The output will be something similar to the following:


$ [default]
aws_access_key_id = FAKEAWSACCESSKEYID
aws_secret_access_key = FAKEAWSSECRETACCESSKEY

Encode the credentials using base64. Encode the access key first.

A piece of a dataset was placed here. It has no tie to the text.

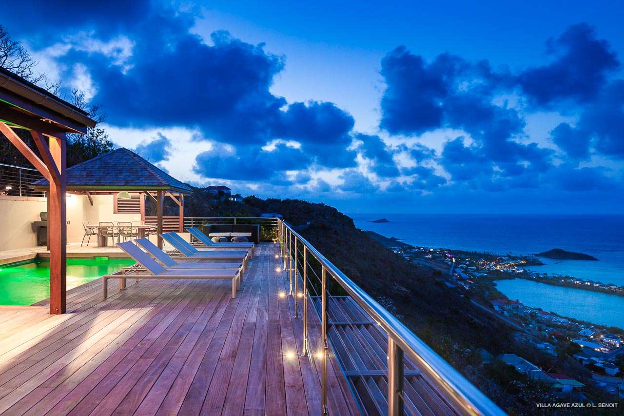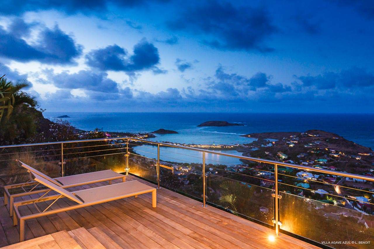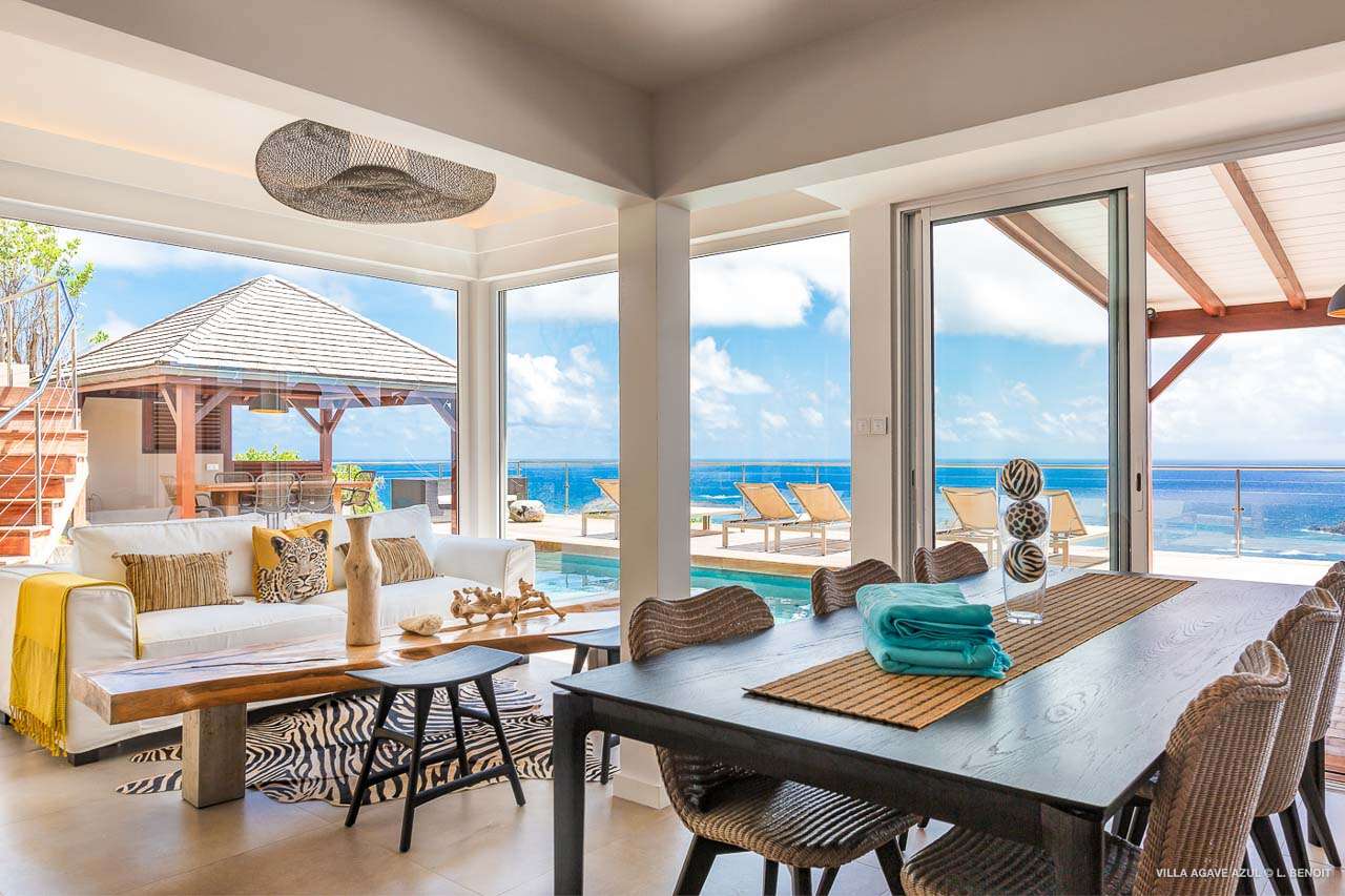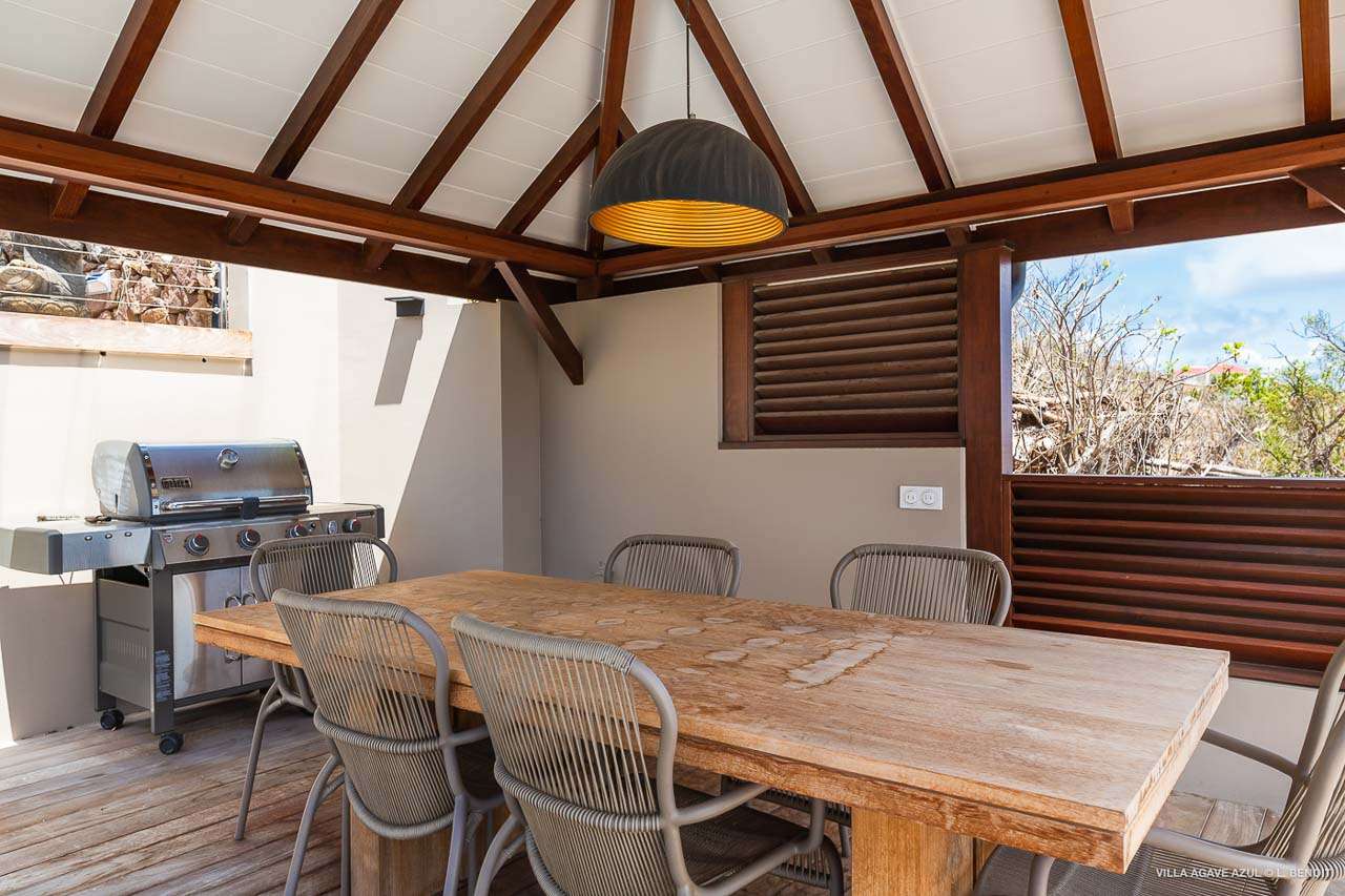 Welcome to Villa Agave Azul (villa code: WV ZUL), a contemporary 4-bedroom villa located in Vitet, St. Barts. This private villa offers breathtaking views of the ocean and the Grand Cul de Sac lagoon, all within minutes of several beaches, shops, and restaurants. Villa Agave Azul is a beautiful example of modern island living. A soothing palette of creams, whites, and rustic woods combine in the interior, with splashes of color and creativity in the tasteful décor. But the real highlight is the incredible island views, with panoramas of the Caribbean and gorgeous Grand Cul de Sac at every turn. Located high in the hills of Vitet, Villa Agave Azul is an idyllic island home that celebrates the best of the St. Barts lifestyle. Within minutes, you could be wading into the sparkling Caribbean, or enjoying a gourmet meal on the waterfront. Private, elegant, and with a fabulous location, this is a great choice for a Caribbean getaway. The bright living spaces inside Villa Agave Azul feature an alluring open-plan design, creating the sense of being outside while lounging around in comfortable interior spaces. A stylish great room is the center of the home, with a combined living room, dining area, and kitchen. The living room sits right next to the sliding glass doors, opening to the outdoor terrace and inviting in the cool breezes. The sofa makes for a great spot to sink in and unwind after a long day exploring St. Barts. To the back of the great room is Villa Agave Azul’s kitchen. Fully equipped, this space has all the appliances you’ll need to prepare meals during your stay. Our concierge also has a few tricks up their sleeves if you wish, from grocery deliveries to arranging a private chef for an evening. There’s a charming indoor dining table, sitting next to sliding doors that open to a tranquil inner courtyard. An alfresco table sits outside on the covered terrace, an idyllic spot to take in the incredible views while you enjoy a gourmet meal. There are 4 bedrooms inside Villa Agave Azul, calm and soothing spaces for some downtime during your stay. The master suite is next to the great room, with contemporary décor and a plush king-sized bed. Ascending upstairs brings you to two more bedrooms, one with a king and the other with a pair of twins. The fourth bedroom is below the main house, with a private terrace enjoying breathtaking 180-degree ocean views. The room also has a small kitchenette. All four bedrooms enjoy spacious ensuite bathrooms and air-conditioning. Stepping outside brings you to Villa Agave Azul’s oversized deck, enjoying some of the best views of the island. From here, the shimmering turquoise bay will coax you out to explore, with plenty of comfortable seating to kick back and take it all in. There’s an outdoor seating area for cocktail hours and sunset views, while plush loungers provide comfortable spots for sunbathing between dips in the villa’s pool. There are stairs that lead down to a lower deck, offering a relaxing retreat with more loungers overlooking the ocean. More stairs ascend to the top of the villa, where there’s a small fitness room. Please note: The stairs to access the house may not be suitable for people with reduced mobility. During the December holidays, the villa rents at full occupancy rates regardless of how many bedrooms are used.Please fill out the form to begin your inquiry and we will connect you with a seasoned villa rental specialist.

$ echo -n 'FAKEAWSACCESSKEYID' | base64

Encode the secret access key next.


$ echo -n 'FAKEAWSSECRETACCESSKEYID' | base64

Your output should look similar to the following:


$ echo -n 'FAKEAWSACCESSKEYID' | base64
RkFLRUFXU0FDQ0VTU0tFWUlE
$ echo -n 'FAKEAWSSECRETACCESSKEY' | base64
RkFLRUFXU1NFQ1JFVEFDQ0VTU0tFWQ==

Create a yaml file to store the secret. Save it as secret.yaml in your home directory.


apiVersion: v1
kind: Secret
metadata:
name: aws-s3-secret
type: Opaque
data:
AWS_ACCESS_KEY_ID: RkFLRUFXU0FDQ0VTU0tFWUlE
AWS_SECRET_ACCESS_KEY: RkFLRUFXU1NFQ1JFVEFDQ0VTU0tFWQ==

Apply the secret to your namespace:


$ kubectl -n ${NAMESPACE} apply -f secret.yaml

In this example, you will clone the tensorflow-serving repository and sync a pretrained model to an S3 bucket. The following sample names the bucket tensorflow-serving-models. It also syncs a saved model to an S3 bucket called saved_model_half_plus_two_gpu.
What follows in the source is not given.